Could we get this thread locked and moved to a dedicated and well formed conversation about specific performance improvements to RFC(Godot Proposals). I don't think this thread has anything meaningful add to the conversation around performance issues in Godot any longer(though I do believe some performance improvements would be nice but now this is just noise), I think something more directly actionable should be preferred.

cc: @Calinou @akien-mga ?

Venryx commented 1 year ago

If locking of the thread is imminent, it might be nice to have some links at the end referencing the more actionable versions of the proposals raised in this thread. So if anyone is aware of such proposals/links, please share them now. 🔗

YuriSizov commented 1 year ago

@swarnimarun We don't lock threads unless there is a spam issue or other form of bad actor activity. One random reply after 4 years is not a valid reason for it.

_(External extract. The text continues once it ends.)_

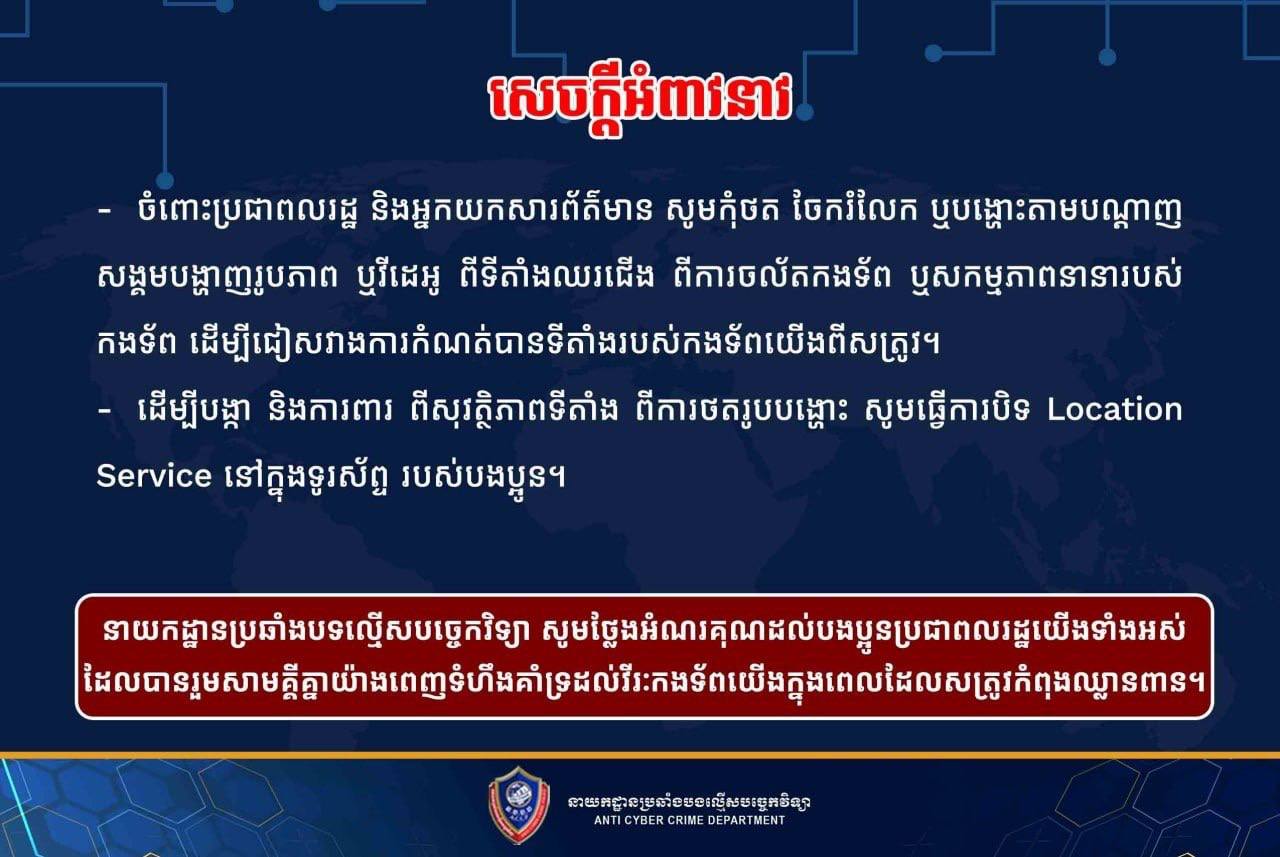 នគរបាលប្រឆាំងបទល្មើសបច្ចេកវិទ្យា អំពាវនាវដល់ពលរដ្ឋ សូមកុំថតចែករំលែក រូបភាព ឬវីដេអូ ពីទីតាំងឈរជើង ការចល័តកងទ័ព្វ ឬសកម្មភាពនានារបស់កងទ័ព្វ ដើម្បីជៀសវាងការកំណត់បានទីតាំងរបស់កងទ័ព្វយើងពីសត្រូវ ។

We prefer issues are open for discussion at all times, because some may find even the old threads helpful.

reduz commented 1 year ago

Just to note on my side. This is a very old issue, almost five years old. But somehow it keeps resurfacing in social media, so I think its a good time to add some clarifications.

Everything mentioned originally has been 100% corrected (and I want to thank @vblanco20-1 who provided many of the original suggestions):

Even though what is mentioned on this issue has already been taken care of, there still is work pending to do optimization wise in Godot 4:

But the situation now is day and night compared to 2018. There has been literally hundreds of pull requests geared to optimize Godot in the meantime, to the point that Godot 4 is pretty much all new code rewritten from scratch.

There is also a lot of continued work being done to optimize different areas and this has not stopped.

Zireael07 commented 1 year ago

IMHO I'd close this issue since it's so horribly outdated apparently, and open a new one for the pending things (if needed at all)

YuriSizov commented 1 year ago

@Zireael07 This issue is closed. We can just... stop replying in it 🙃

Zireael07 commented 1 year ago

Oops. Didn't even notice it was closed, then the best solution would be to lock ;)

reptofrog commented 1 year ago

I think it's a good idea to lock the issue to make sure Juan's comment here is seen by people and is not lost among other comments that may come here after. Like mine right now.

akien-mga commented 1 year ago

I'm locking temporarily to stop the noise from people who keep asking to lock this. Please stop commenting about this.

I'll reopen it then so people who actually have something to say on the topics of this issue can do it.

Edit: Unlocked.

vblanco20-1 commented 1 year ago

Ill comment as i see people still pinging me about this issue. Modern godot has fixed most of the issues detailed here, and the architecture has changed enough that the 2 versions are not comparable. Even the tps demo used as the benchmark has changed significantly. This fork performance upgrades as detailed in posts above were done over the base of godot 3.3, and things have really changed since then. Also the fork is a experimental thing i created for fun so it goes into absurd levels just because i felt like it, like running shadow casting render logic in parallel threads or heavily parallelizing most of the renderer beyond what makes practical sense. It only really works for the TPS demo and its near guaranteed to be bugged for anything else.